» **ABOUT THIS TASK**
For this exercise, output the entries below exactly from the line that holds "Y el motor.." to the line that holds "Jeśli nie wiesz, co", both ends included. No pictures belong in the copy.

» **MATERIAL FOR THIS TASK**
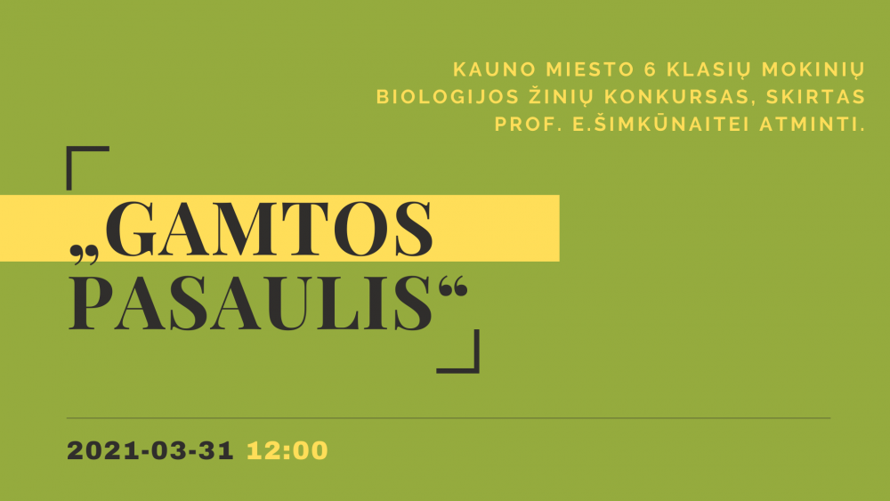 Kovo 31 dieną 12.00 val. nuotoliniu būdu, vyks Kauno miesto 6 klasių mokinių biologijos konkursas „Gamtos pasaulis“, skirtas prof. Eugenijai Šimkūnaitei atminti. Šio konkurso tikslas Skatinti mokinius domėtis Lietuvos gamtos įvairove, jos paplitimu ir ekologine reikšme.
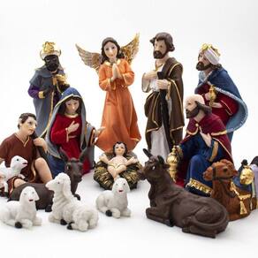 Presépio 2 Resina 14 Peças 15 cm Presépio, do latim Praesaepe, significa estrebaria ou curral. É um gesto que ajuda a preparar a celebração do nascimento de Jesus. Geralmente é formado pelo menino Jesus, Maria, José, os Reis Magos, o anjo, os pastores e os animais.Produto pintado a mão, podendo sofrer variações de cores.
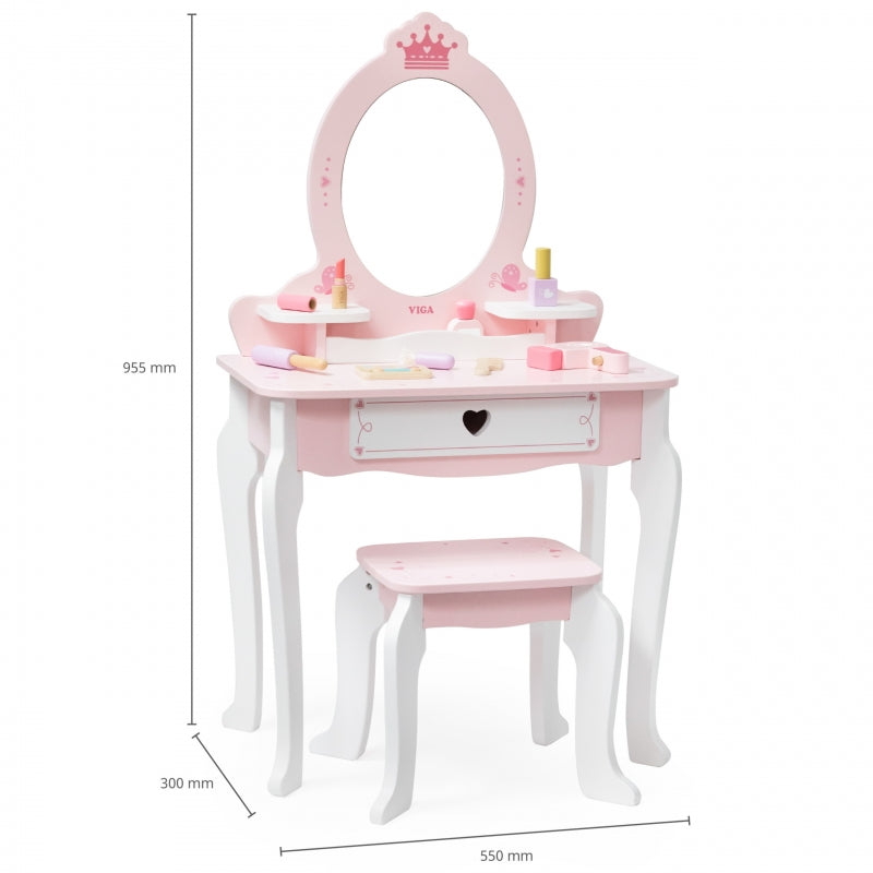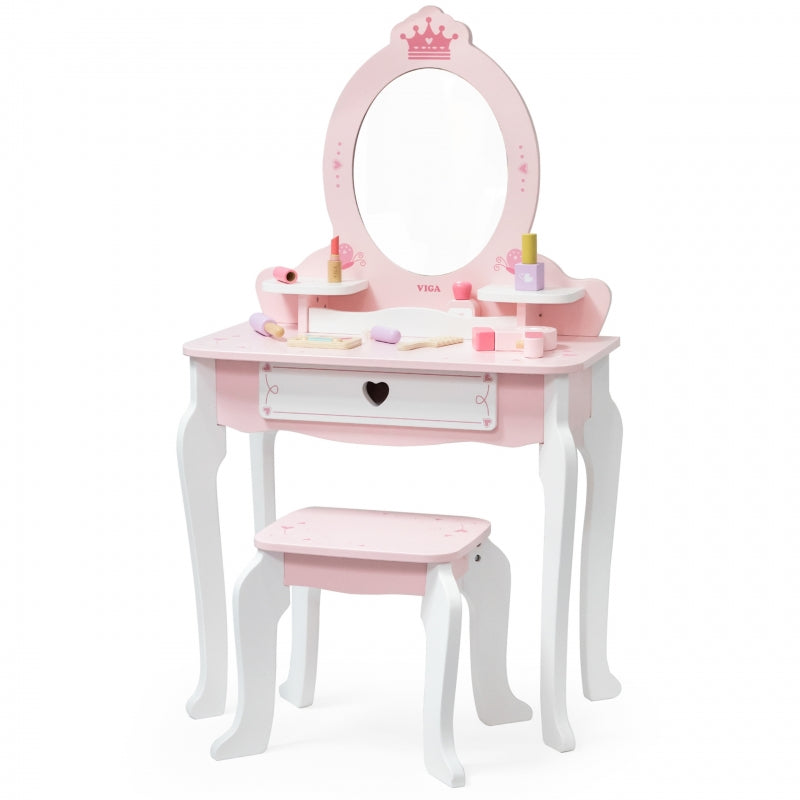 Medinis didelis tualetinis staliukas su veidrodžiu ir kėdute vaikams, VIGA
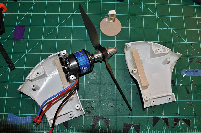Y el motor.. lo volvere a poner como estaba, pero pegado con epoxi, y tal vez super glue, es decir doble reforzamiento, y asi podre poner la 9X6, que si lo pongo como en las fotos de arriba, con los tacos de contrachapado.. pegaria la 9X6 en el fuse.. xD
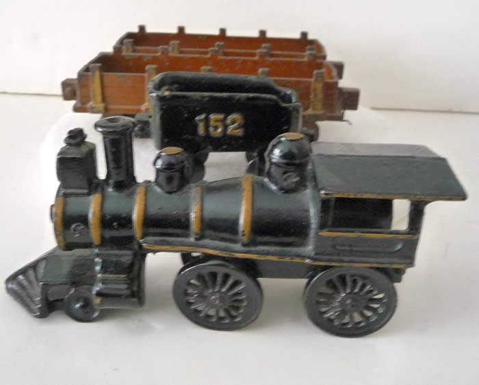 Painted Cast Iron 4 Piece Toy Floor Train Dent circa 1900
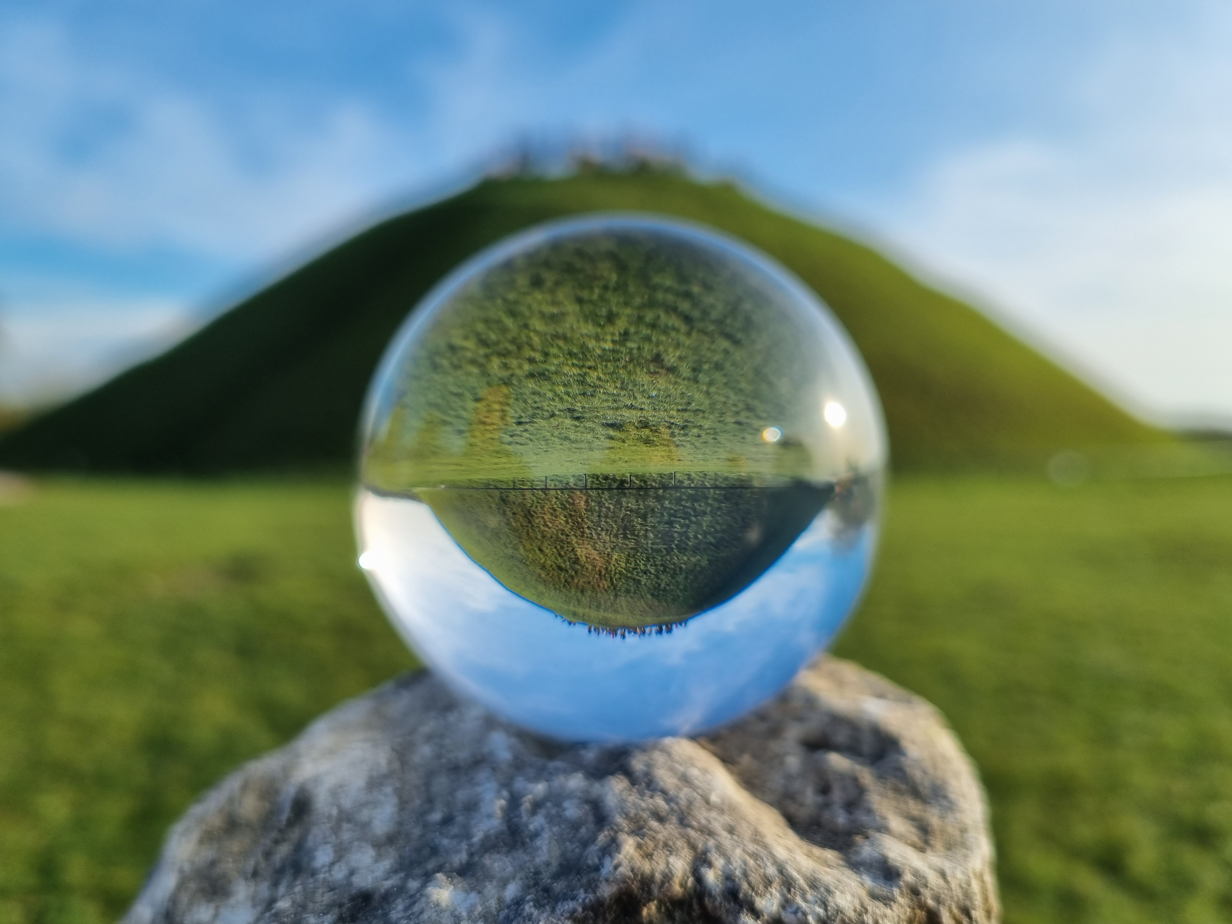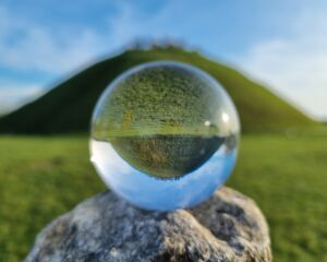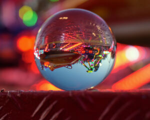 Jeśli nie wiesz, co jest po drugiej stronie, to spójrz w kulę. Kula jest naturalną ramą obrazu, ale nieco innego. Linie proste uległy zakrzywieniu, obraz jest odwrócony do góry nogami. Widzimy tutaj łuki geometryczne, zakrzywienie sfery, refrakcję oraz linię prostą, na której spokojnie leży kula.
---
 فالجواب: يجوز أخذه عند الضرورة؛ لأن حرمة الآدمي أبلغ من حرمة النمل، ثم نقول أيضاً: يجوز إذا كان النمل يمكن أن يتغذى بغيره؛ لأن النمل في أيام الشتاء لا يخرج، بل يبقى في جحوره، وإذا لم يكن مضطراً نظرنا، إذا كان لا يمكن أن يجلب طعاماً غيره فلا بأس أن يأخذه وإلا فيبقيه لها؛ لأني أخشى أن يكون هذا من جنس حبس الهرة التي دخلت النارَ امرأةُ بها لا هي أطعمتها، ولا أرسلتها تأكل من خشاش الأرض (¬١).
--
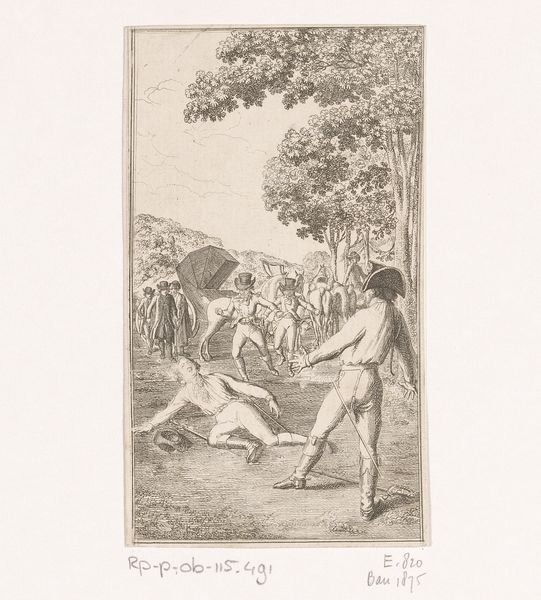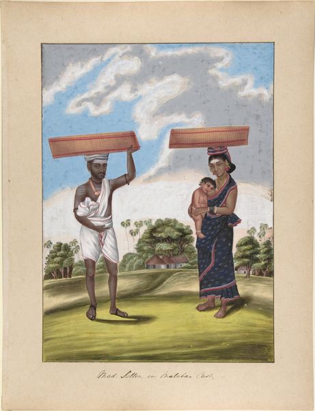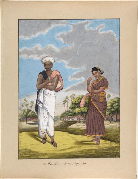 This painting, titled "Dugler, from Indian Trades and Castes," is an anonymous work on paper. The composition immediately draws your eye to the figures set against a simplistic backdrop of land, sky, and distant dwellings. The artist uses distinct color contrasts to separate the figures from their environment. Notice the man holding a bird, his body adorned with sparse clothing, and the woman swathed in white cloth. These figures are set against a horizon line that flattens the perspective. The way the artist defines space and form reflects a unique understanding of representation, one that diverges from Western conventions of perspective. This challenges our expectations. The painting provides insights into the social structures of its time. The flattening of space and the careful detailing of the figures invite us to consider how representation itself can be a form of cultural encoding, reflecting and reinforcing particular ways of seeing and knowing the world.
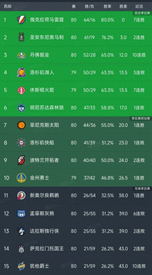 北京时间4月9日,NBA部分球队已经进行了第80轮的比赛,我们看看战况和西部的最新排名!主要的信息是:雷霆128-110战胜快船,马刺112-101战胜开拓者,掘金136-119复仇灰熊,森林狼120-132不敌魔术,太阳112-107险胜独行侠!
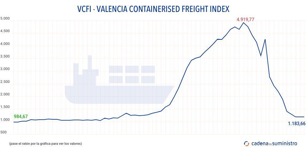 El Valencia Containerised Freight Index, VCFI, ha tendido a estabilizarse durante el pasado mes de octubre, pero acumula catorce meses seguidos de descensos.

» **RESPONSE FOR THIS EXERCISE**
Y el motor.. lo volvere a poner como estaba, pero pegado con epoxi, y tal vez super glue, es decir doble reforzamiento, y asi podre poner la 9X6, que si lo pongo como en las fotos de arriba, con los tacos de contrachapado.. pegaria la 9X6 en el fuse.. xD
 Painted Cast Iron 4 Piece Toy Floor Train Dent circa 1900
 Jeśli nie wiesz, co jest po drugiej stronie, to spójrz w kulę. Kula jest naturalną ramą obrazu, ale nieco innego. Linie proste uległy zakrzywieniu, obraz jest odwrócony do góry nogami. Widzimy tutaj łuki geometryczne, zakrzywienie sfery, refrakcję oraz linię prostą, na której spokojnie leży kula.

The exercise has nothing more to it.